Your business starts a little slow, but you still manage to turn a profit within the first year. You manage to survive the first year although you started the business with less than 25% of the recommended amount for similar type businesses. During slow business periods, you sometimes use business revenues for personal expenses and use personal funds to capitalize the business.
You downloaded some contracts from the internet to utilize for supplier contracts and made sure to sign on behalf of the business in most cases. However, there were a few contracts with some longtime friends that you signed your name personally.
One cold winter morning, you read in your local newspaper about an accident that injured five teenagers and are horrified to learn that a few of the teenagers suffered permanent injuries to their legs and arms. On the same day, you receive a call from an attorney representing the teenagers who requests to speak with your bartender about a certain man who may have frequented your bar before driving on the wrong side of the road and injuring the teenagers. The bartender verifies that the man was asked to leave because he appeared to be drunk and two weeks later, your Sports Bar and you personally are served with a summons to appear in court.

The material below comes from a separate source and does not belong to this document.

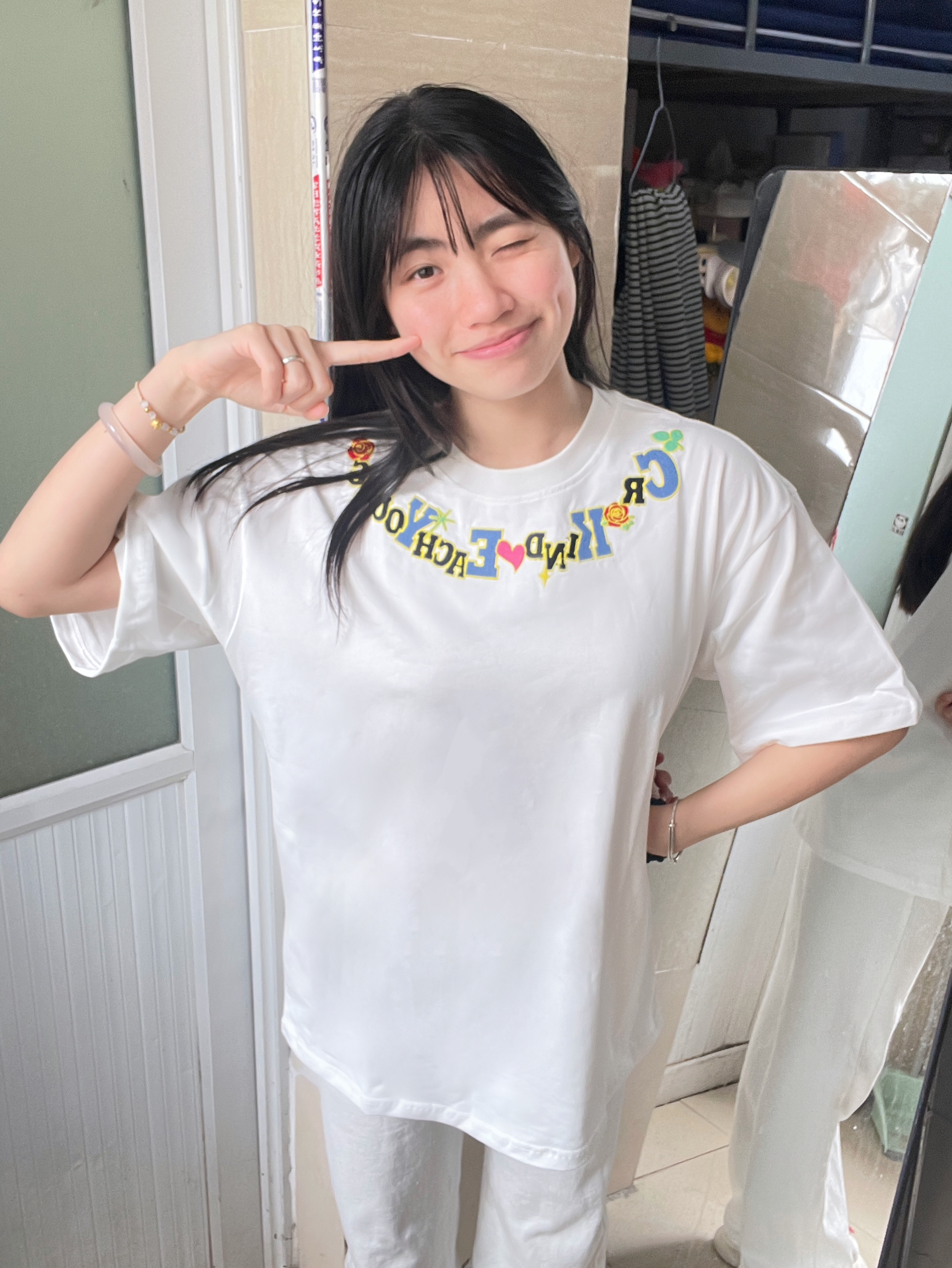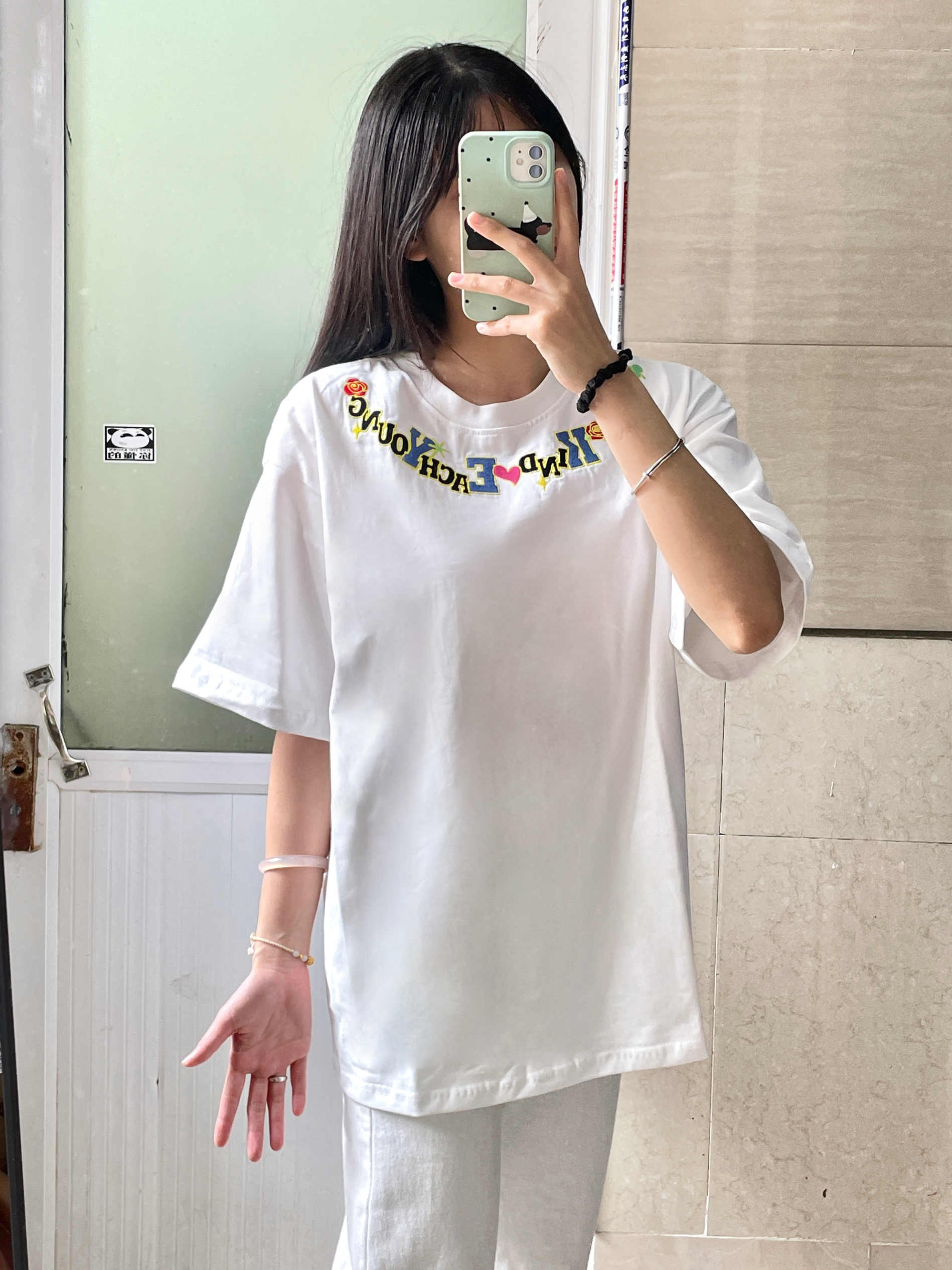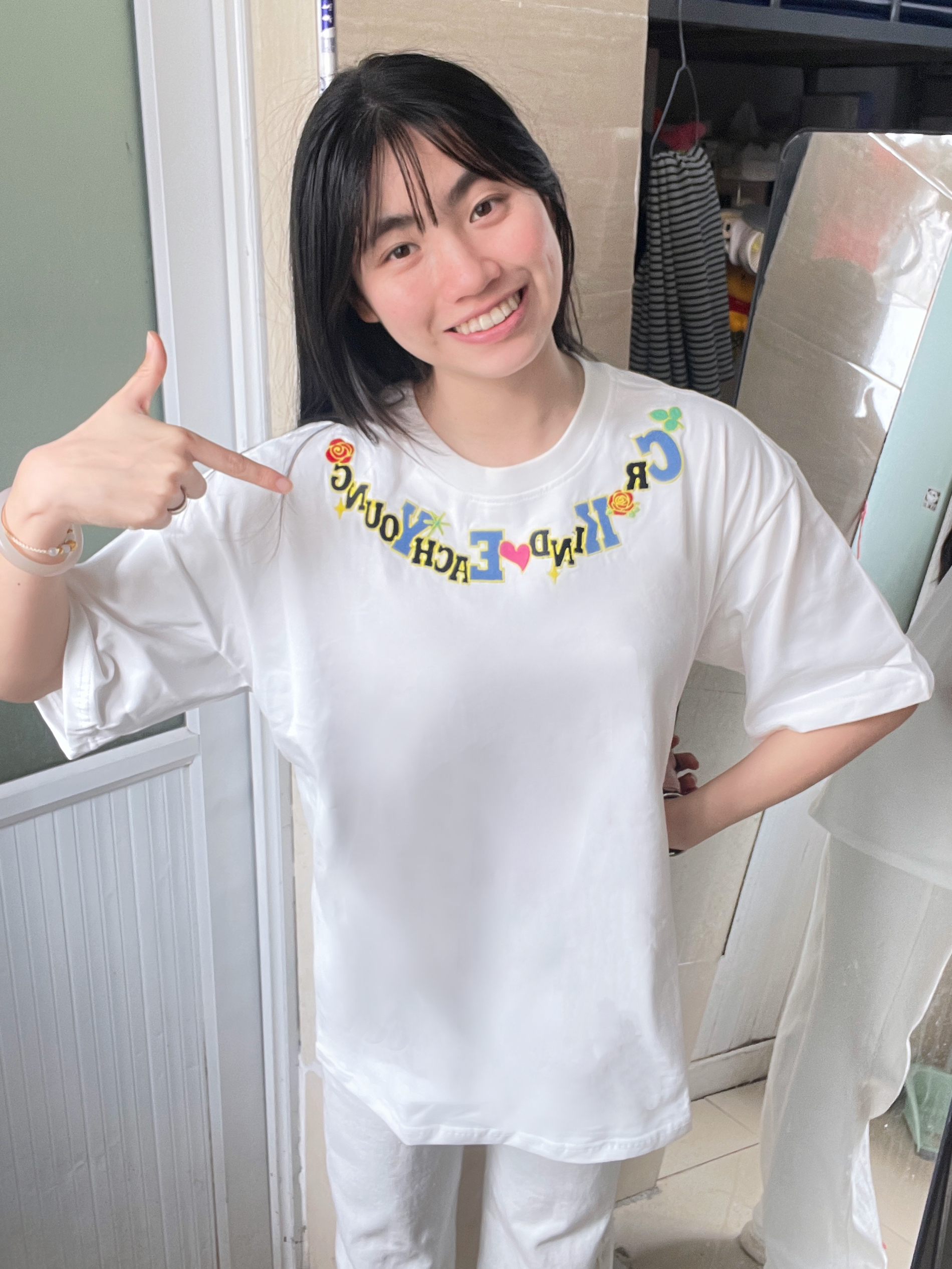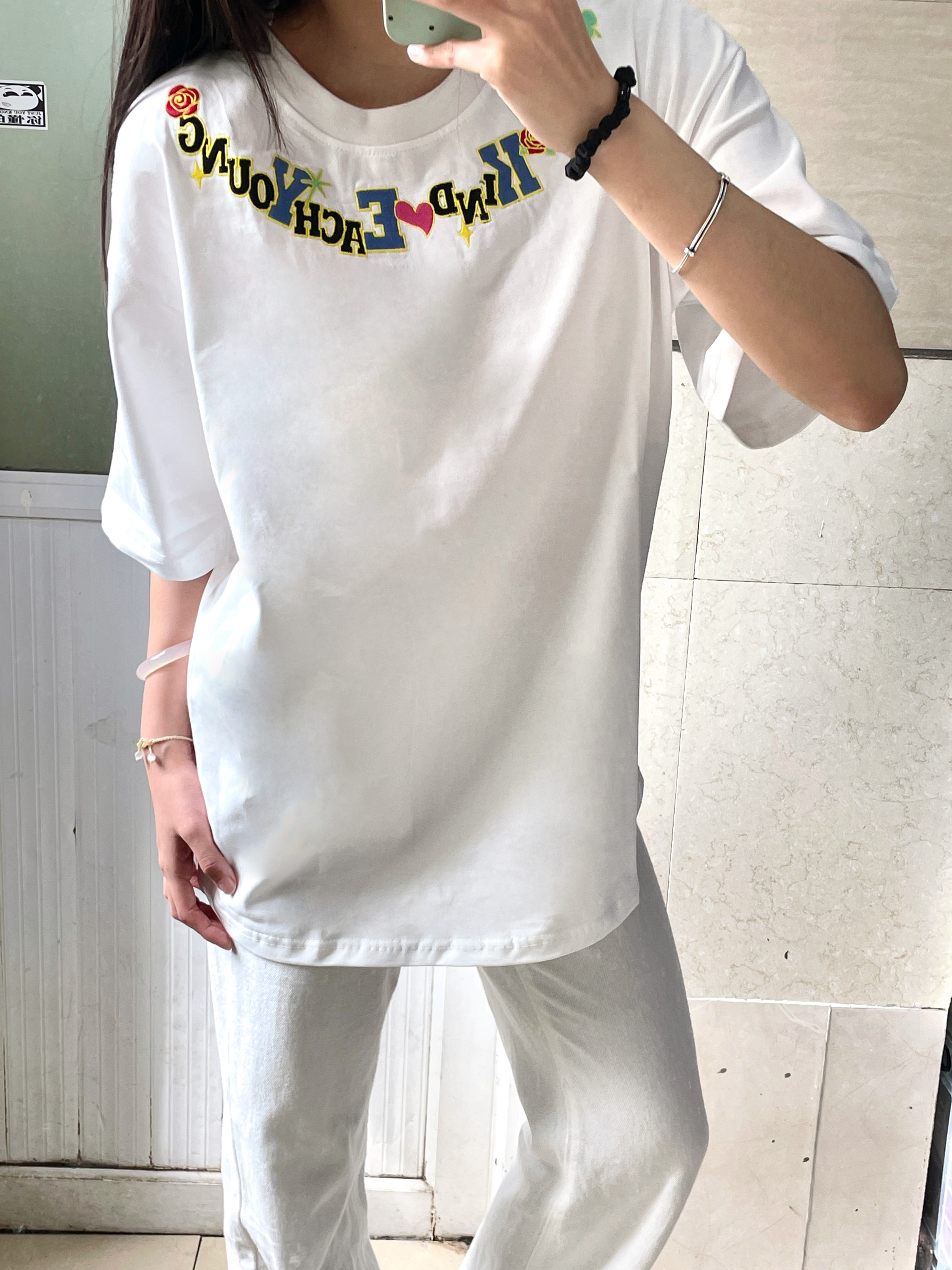 166 102穿的是M码 领口做了一圈花卉围绕的字母 设计感拉满了 还都是刺绣的呢 后背也有刺绣点缀 穿上就让人觉得活力满满 喜欢的宝宝可以参考一下哦

You are dismayed that the Sports Bar is being sued and thoroughly confused why you have been named in the lawsuit. At this moment you retain counsel who informs you that the opposing attorney is attempting to “pierce the corporate veil”. The attorney explains that because you were undercapitalized when the business started and you appeared to be the businesses’ alter ego because you commingled funds and signed contracts personally, you could be personally liable for the injuries to the teenagers even though you incorporated the sports bar.
The lawsuit drains the sports bar’s resources and the lawsuit is eventually settled with your personal resources. Two years after you started the business, you are forced to sell your home and file bankruptcy.